» **THE DATA**
########################################
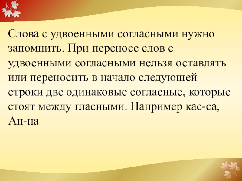 Слайд 10Слова с удвоенными согласными нужно запомнить. При переносе слов с удвоенными
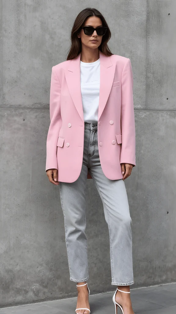 Soft Pink Blazer and Denim Elegance
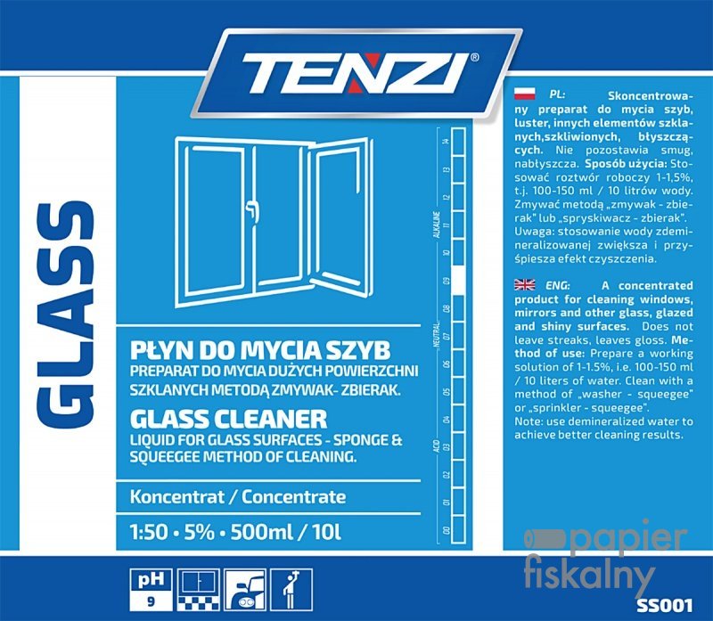 wydajny, skoncentrowany preparat do mycia szyb, luster, ram okiennych, plastiku oraz wszelkich elementów szklanych i szkliwionych
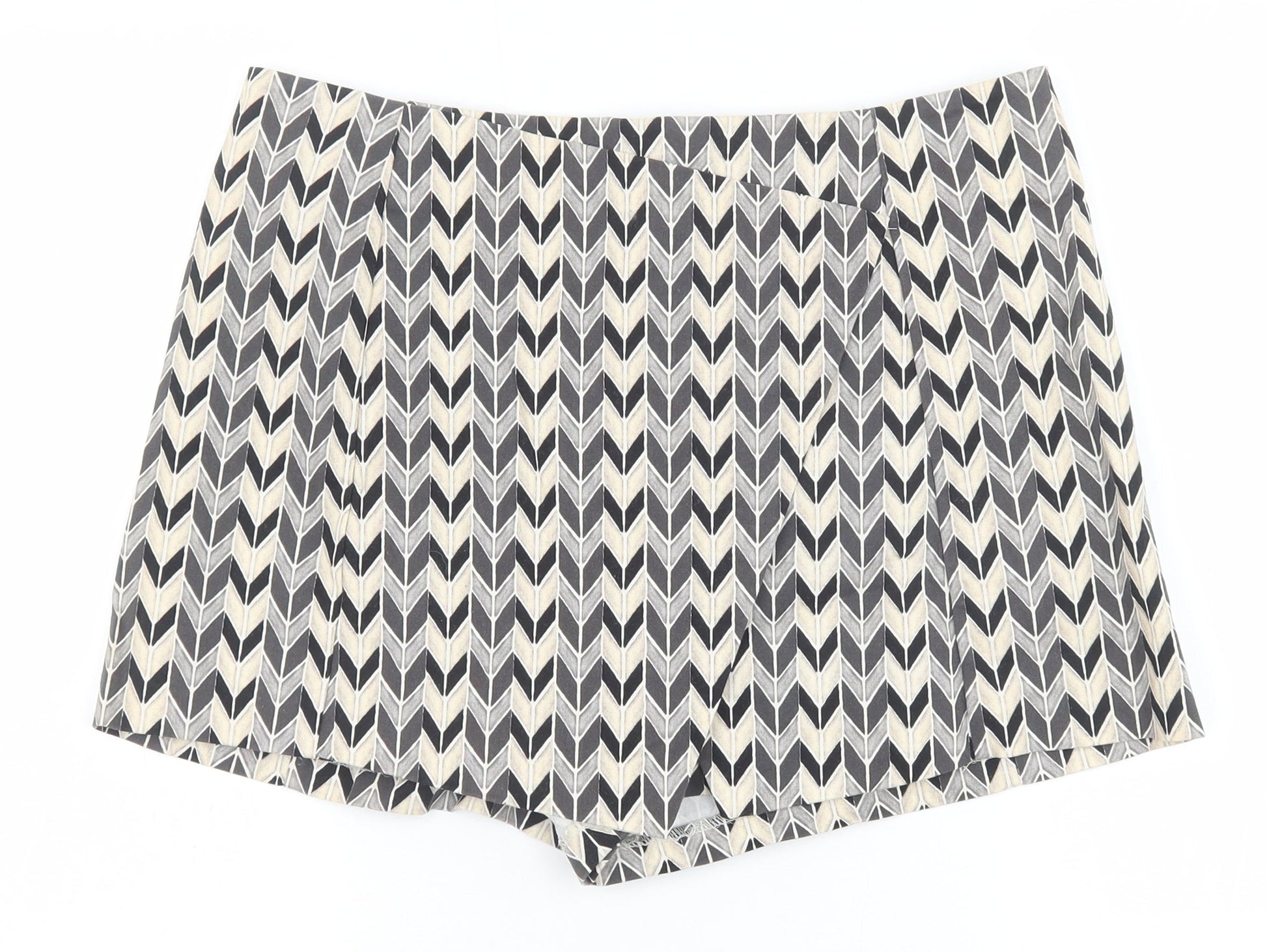 Topshop Womens Black Geometric Polyester Basic Shorts Size 14 Regular Zip
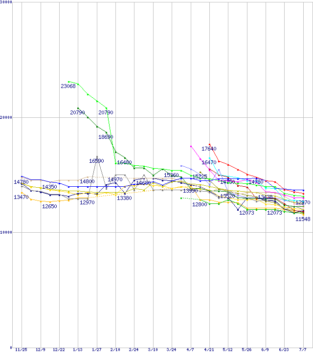 HDD 200~250GB未満の最安値推移
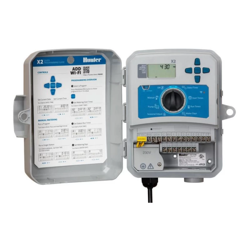 Le Hunter X2 est un programmateur d’arrosage professionnel qui allie la fiabilité de la gamme X-Core à des fonctionnalités nouvelle génération. Pilotez votre arrosage à distance via Wi-Fi et Hydrawise®, optimisez vos consommations d’eau grâce à l’ajustement automatique selon les données météo locales, et gérez facilement jusqu’à 14 voies selon le modèle choisi.
########################################
» **WHAT IS BEING ASKED**
Although the records contain pictures, print only the rest, exactly as written.

» **RESPONSE BOX**
 Слайд 10Слова с удвоенными согласными нужно запомнить. При переносе слов с удвоенными
 Soft Pink Blazer and Denim Elegance
 wydajny, skoncentrowany preparat do mycia szyb, luster, ram okiennych, plastiku oraz wszelkich elementów szklanych i szkliwionych
 Topshop Womens Black Geometric Polyester Basic Shorts Size 14 Regular Zip
 HDD 200~250GB未満の最安値推移
 Le Hunter X2 est un programmateur d’arrosage professionnel qui allie la fiabilité de la gamme X-Core à des fonctionnalités nouvelle génération. Pilotez votre arrosage à distance via Wi-Fi et Hydrawise®, optimisez vos consommations d’eau grâce à l’ajustement automatique selon les données météo locales, et gérez facilement jusqu’à 14 voies selon le modèle choisi.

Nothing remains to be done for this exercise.